Love,

Juliet

From Juliet to Sidney

11th August, 1946

Dear Sidney,

I am happy that you are happy with my progress on Elizabeth’s biography. But more about that later—for I have something to tell you that simply cannot wait. I hardly dare believe it myself, but it’s true. I saw it with my own eyes!

If, and mind you only if, I am correct, Stephens & Stark will have the publishing coup of the century. Papers will be written, degrees granted, and Isola will be pursued by every scholar, university, library, and filthy-rich private collector in the Western Hemisphere.

Here are the facts—Isola was to speak at last night’s Society meeting on Pride and Prejudice, but Ariel ate her notes right before supper. So, in lieu of Jane, and in a desperate hurry, she grabbed up some letters written to her dear Granny Pheen (short for Josephine). They, the letters, made up a kind of a story.

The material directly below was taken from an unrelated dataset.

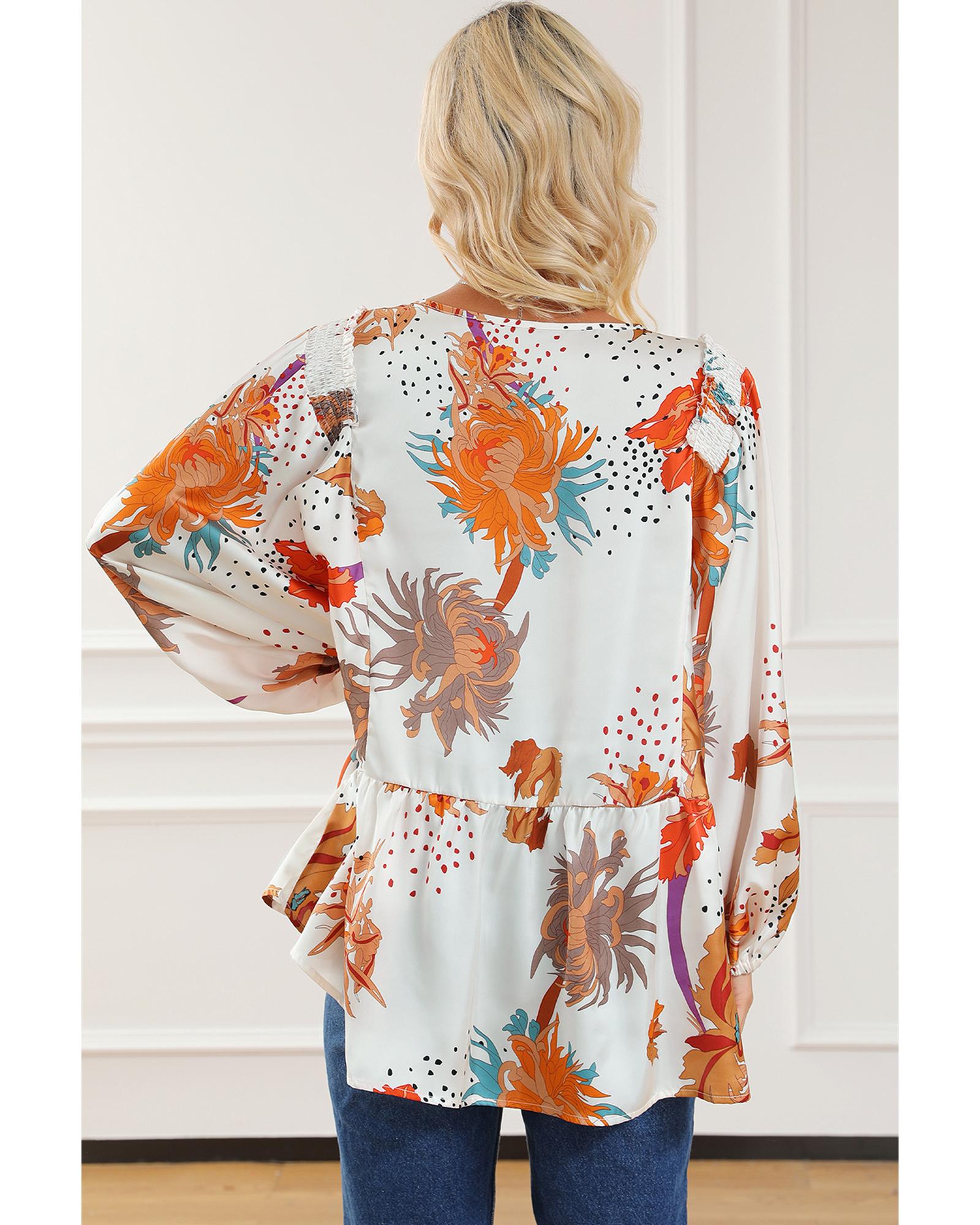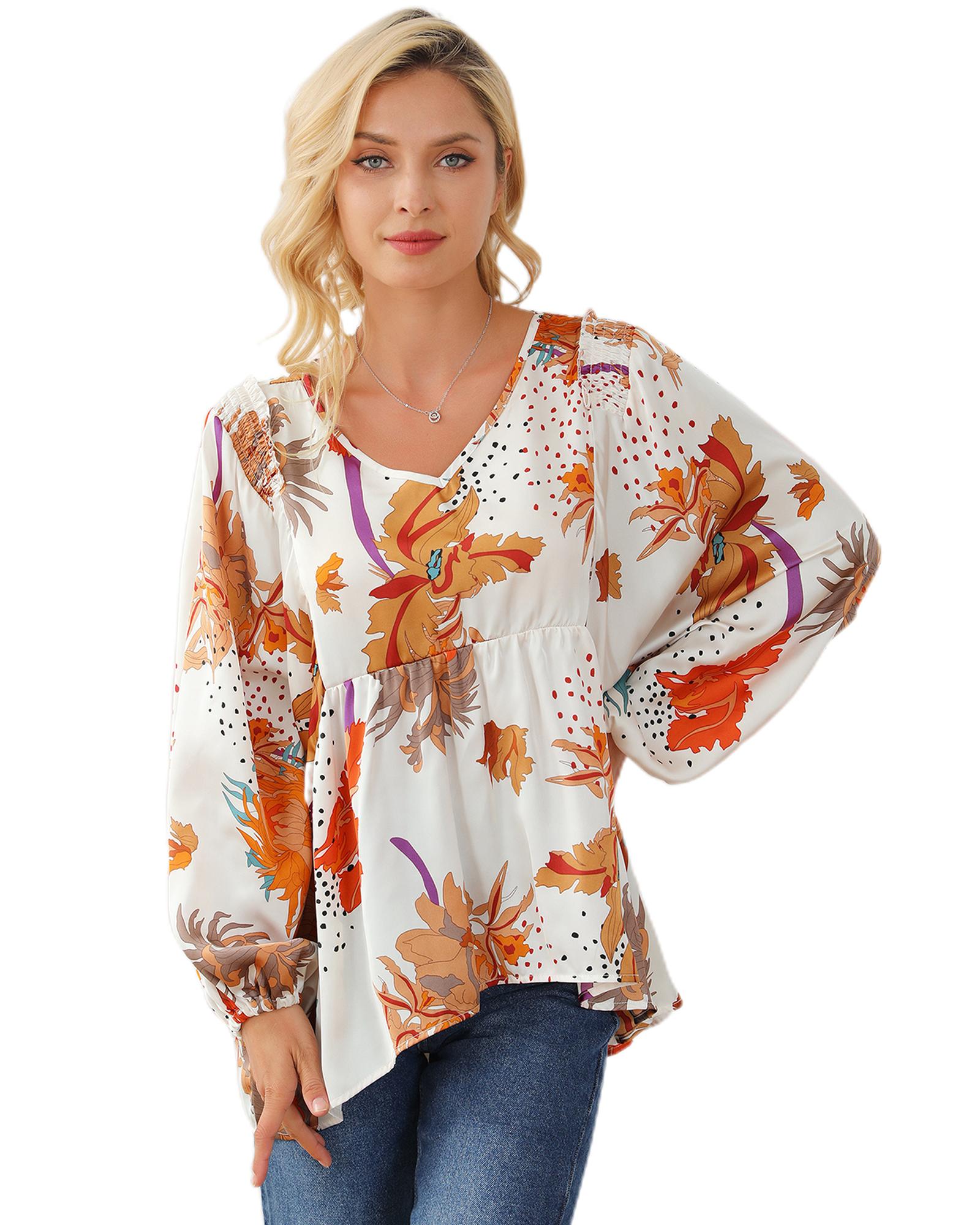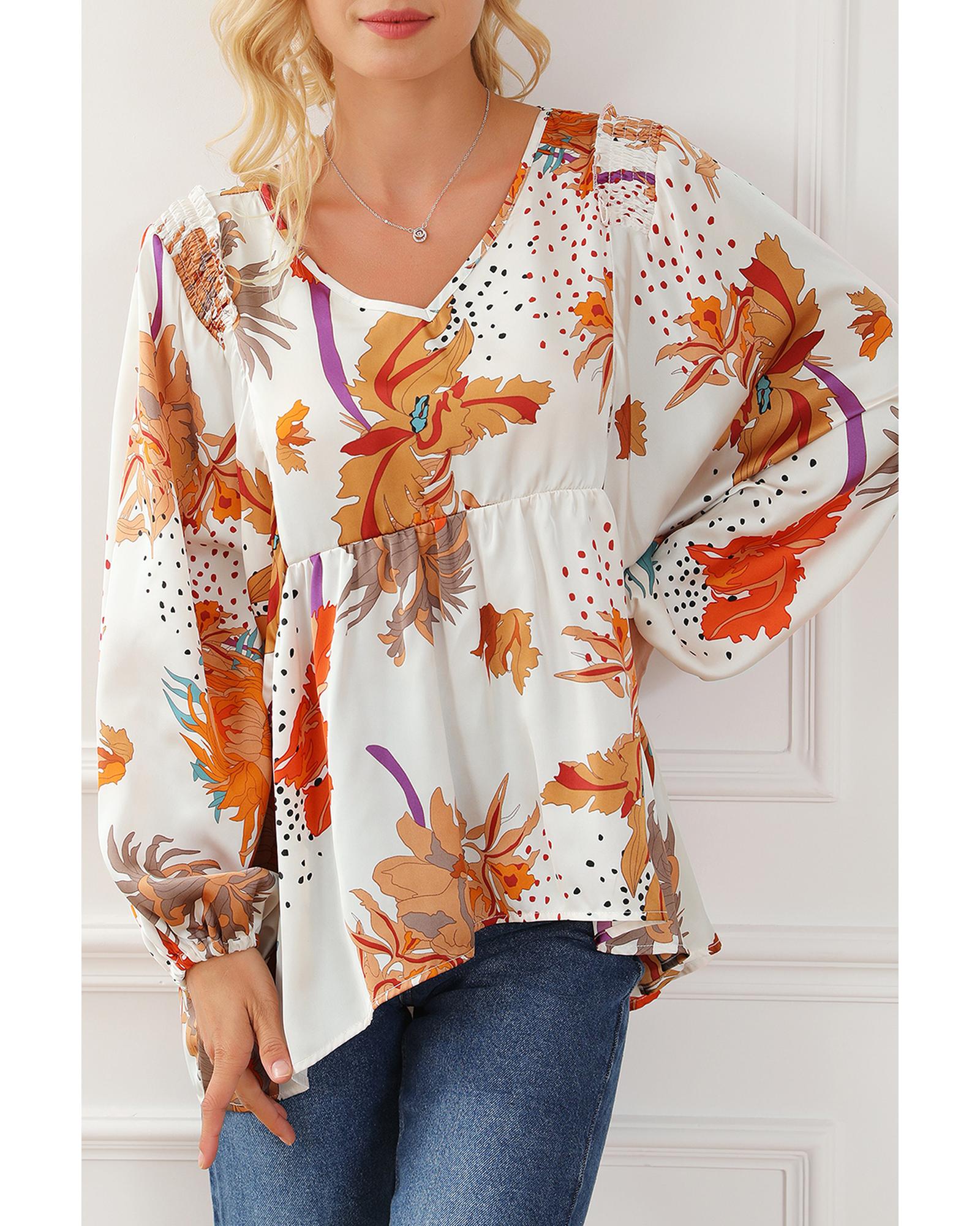 Multicolour Floral Print V Neck Babydoll Blouse – XL

She pulled the letters out of her pocket, and Will Thisbee, seeing them swathed in pink silk and tied with a satin bow, cried out, “Love letters, I’ll be bound! Will there be secrets? Intimacies? Should gentlemen leave the room?”

Isola told him to hush up and sit down. She said they were letters to her Granny Pheen from a very kind man—a stranger—when she was but a little girl. Granny had kept them in a biscuit tin and had often read them to her, Isola, as a bedtime story.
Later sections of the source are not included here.